____ EXERCISE INPUTS
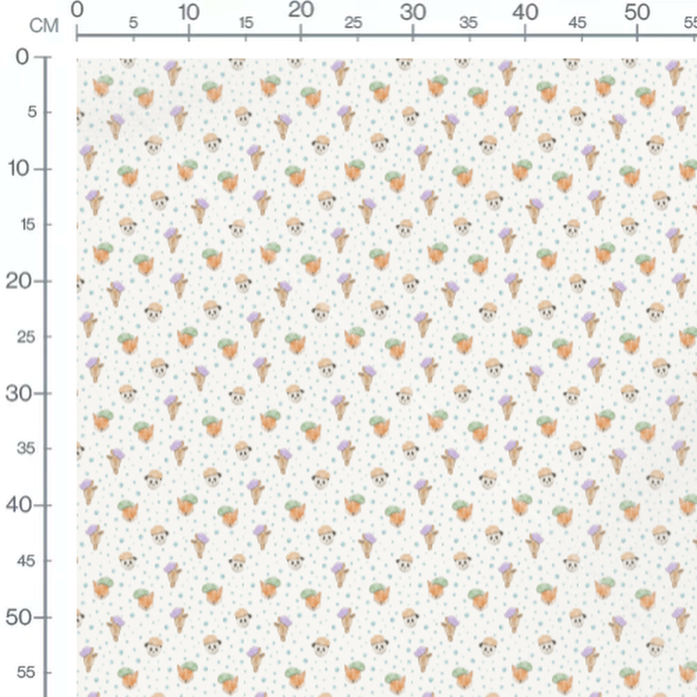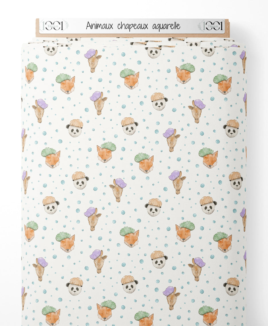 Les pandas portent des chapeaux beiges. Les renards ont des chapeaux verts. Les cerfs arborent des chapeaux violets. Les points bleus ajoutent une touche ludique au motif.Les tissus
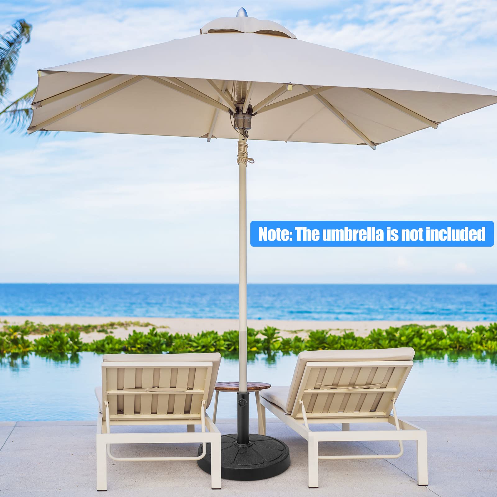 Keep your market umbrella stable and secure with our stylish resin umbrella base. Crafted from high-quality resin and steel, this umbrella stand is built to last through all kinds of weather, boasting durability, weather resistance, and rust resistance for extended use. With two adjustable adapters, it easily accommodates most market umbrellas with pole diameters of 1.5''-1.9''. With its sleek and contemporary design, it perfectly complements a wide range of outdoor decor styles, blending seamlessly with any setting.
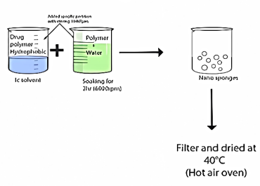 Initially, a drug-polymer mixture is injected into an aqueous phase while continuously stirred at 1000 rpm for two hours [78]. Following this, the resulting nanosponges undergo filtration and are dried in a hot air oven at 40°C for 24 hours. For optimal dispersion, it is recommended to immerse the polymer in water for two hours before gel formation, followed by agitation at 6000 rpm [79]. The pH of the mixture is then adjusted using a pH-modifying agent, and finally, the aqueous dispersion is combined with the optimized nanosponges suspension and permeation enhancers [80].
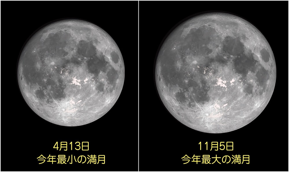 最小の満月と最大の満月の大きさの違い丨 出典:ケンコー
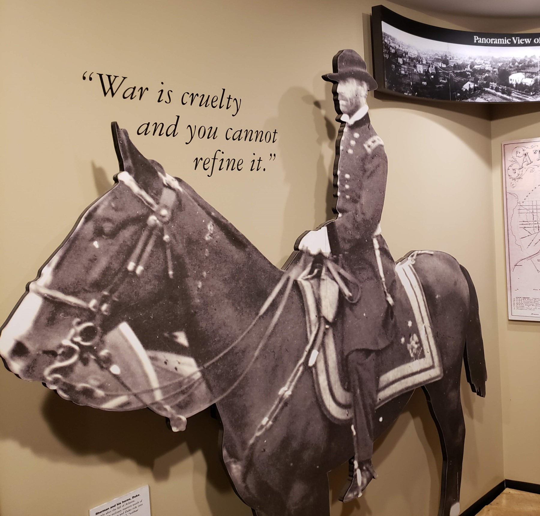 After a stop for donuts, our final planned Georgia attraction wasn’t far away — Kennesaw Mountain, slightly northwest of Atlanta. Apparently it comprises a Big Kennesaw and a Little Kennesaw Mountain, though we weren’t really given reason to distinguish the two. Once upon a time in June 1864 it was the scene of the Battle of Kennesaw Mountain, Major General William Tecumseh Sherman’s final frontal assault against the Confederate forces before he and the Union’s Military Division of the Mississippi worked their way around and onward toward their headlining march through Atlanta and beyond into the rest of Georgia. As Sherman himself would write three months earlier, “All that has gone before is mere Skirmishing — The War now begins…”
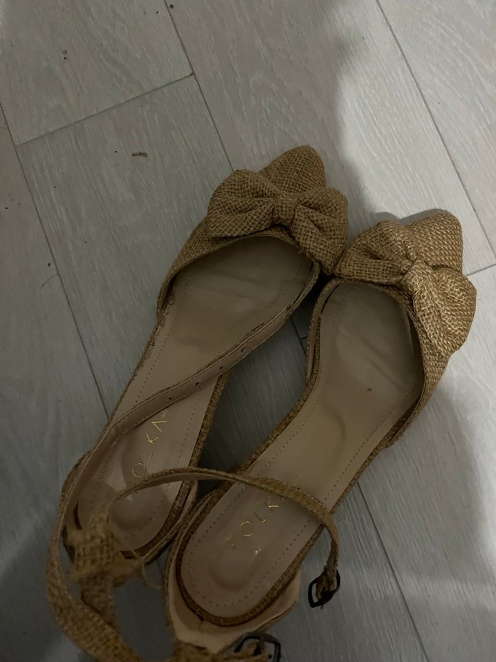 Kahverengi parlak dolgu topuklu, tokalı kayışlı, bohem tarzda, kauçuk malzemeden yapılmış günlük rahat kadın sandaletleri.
________
____ EXERCISE INPUTS
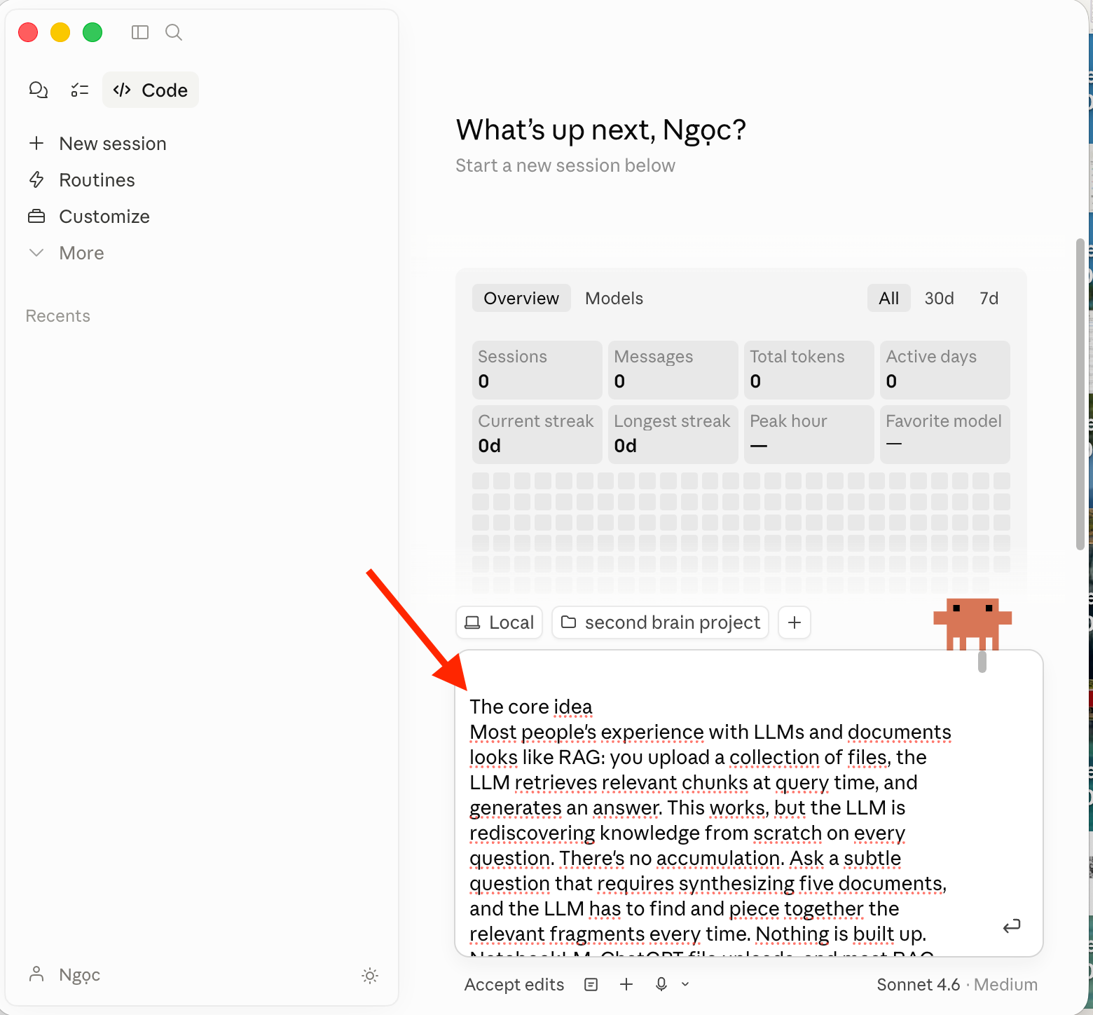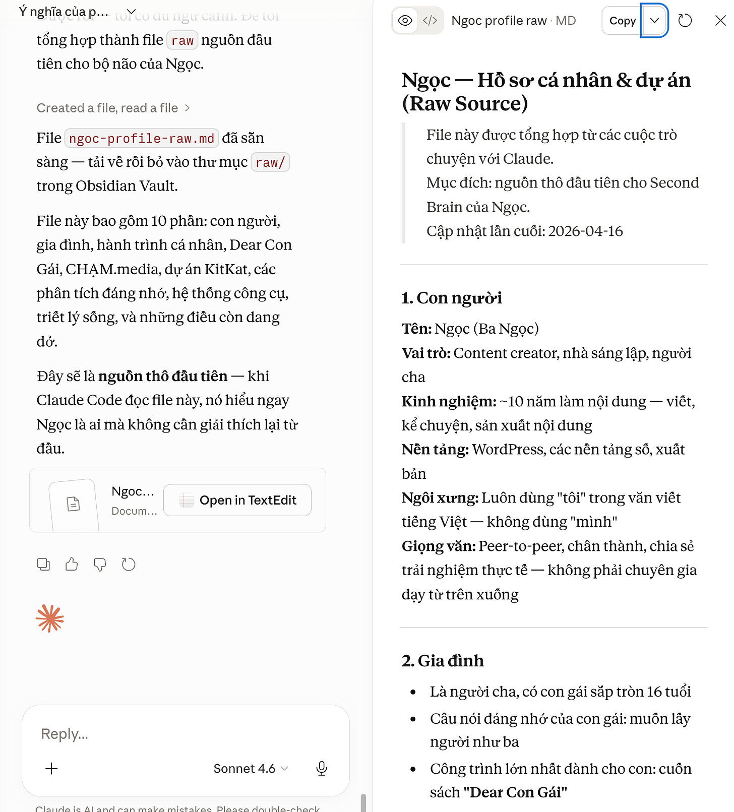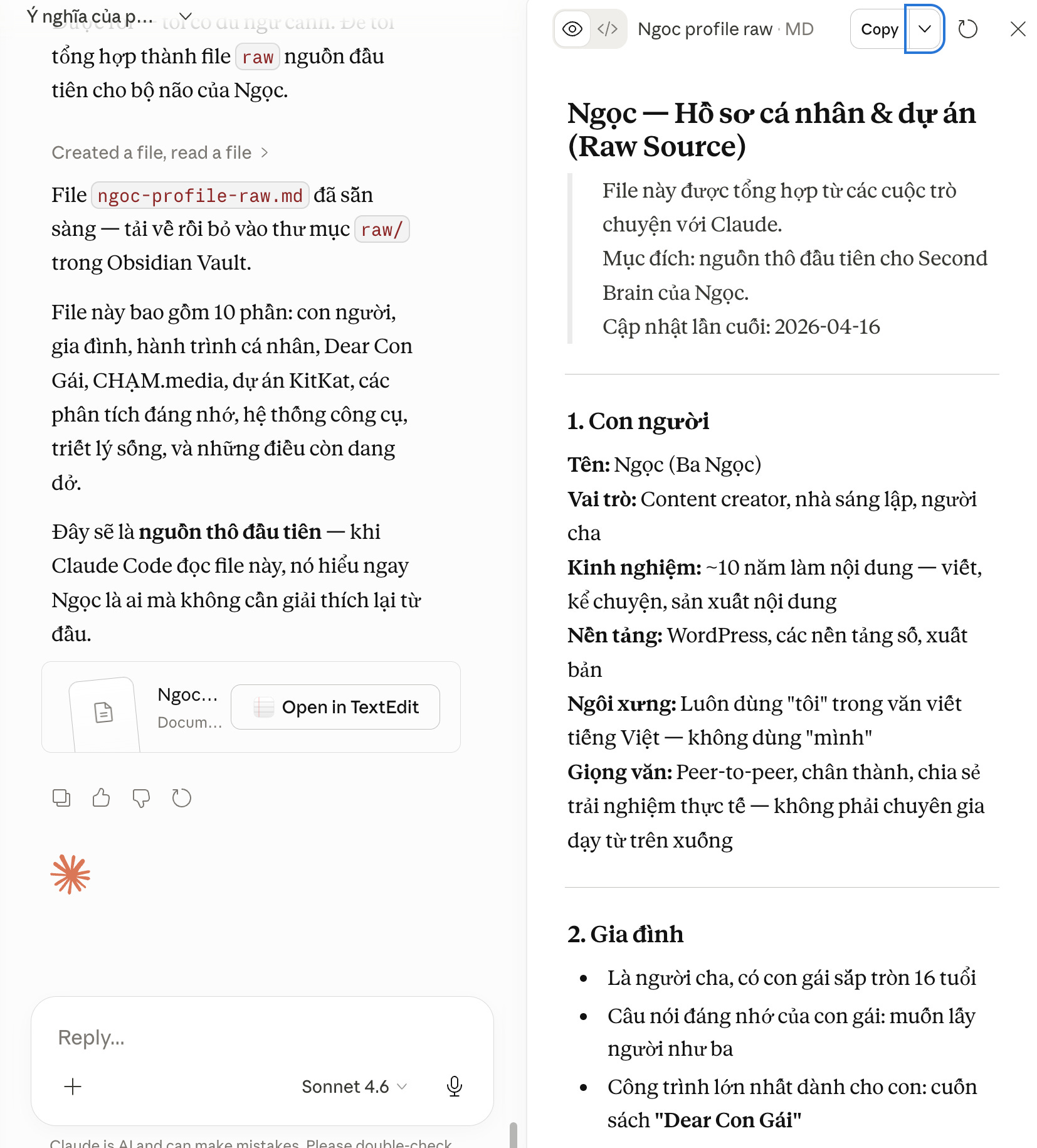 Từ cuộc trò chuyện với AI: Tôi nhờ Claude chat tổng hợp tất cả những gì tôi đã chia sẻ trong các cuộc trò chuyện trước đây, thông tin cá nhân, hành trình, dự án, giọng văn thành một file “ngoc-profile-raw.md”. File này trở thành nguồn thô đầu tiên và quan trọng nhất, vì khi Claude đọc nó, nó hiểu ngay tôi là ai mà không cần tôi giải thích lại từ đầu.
________
WHAT THE EXERCISE ASKS:
Everything between and including the line above containing "Les pandas portent" and the line containing "Keep your market" should be reproduced exactly, with pictures excluded.

TASK RESPONSE:
 Les pandas portent des chapeaux beiges. Les renards ont des chapeaux verts. Les cerfs arborent des chapeaux violets. Les points bleus ajoutent une touche ludique au motif.Les tissus
 Keep your market umbrella stable and secure with our stylish resin umbrella base. Crafted from high-quality resin and steel, this umbrella stand is built to last through all kinds of weather, boasting durability, weather resistance, and rust resistance for extended use. With two adjustable adapters, it easily accommodates most market umbrellas with pole diameters of 1.5''-1.9''. With its sleek and contemporary design, it perfectly complements a wide range of outdoor decor styles, blending seamlessly with any setting.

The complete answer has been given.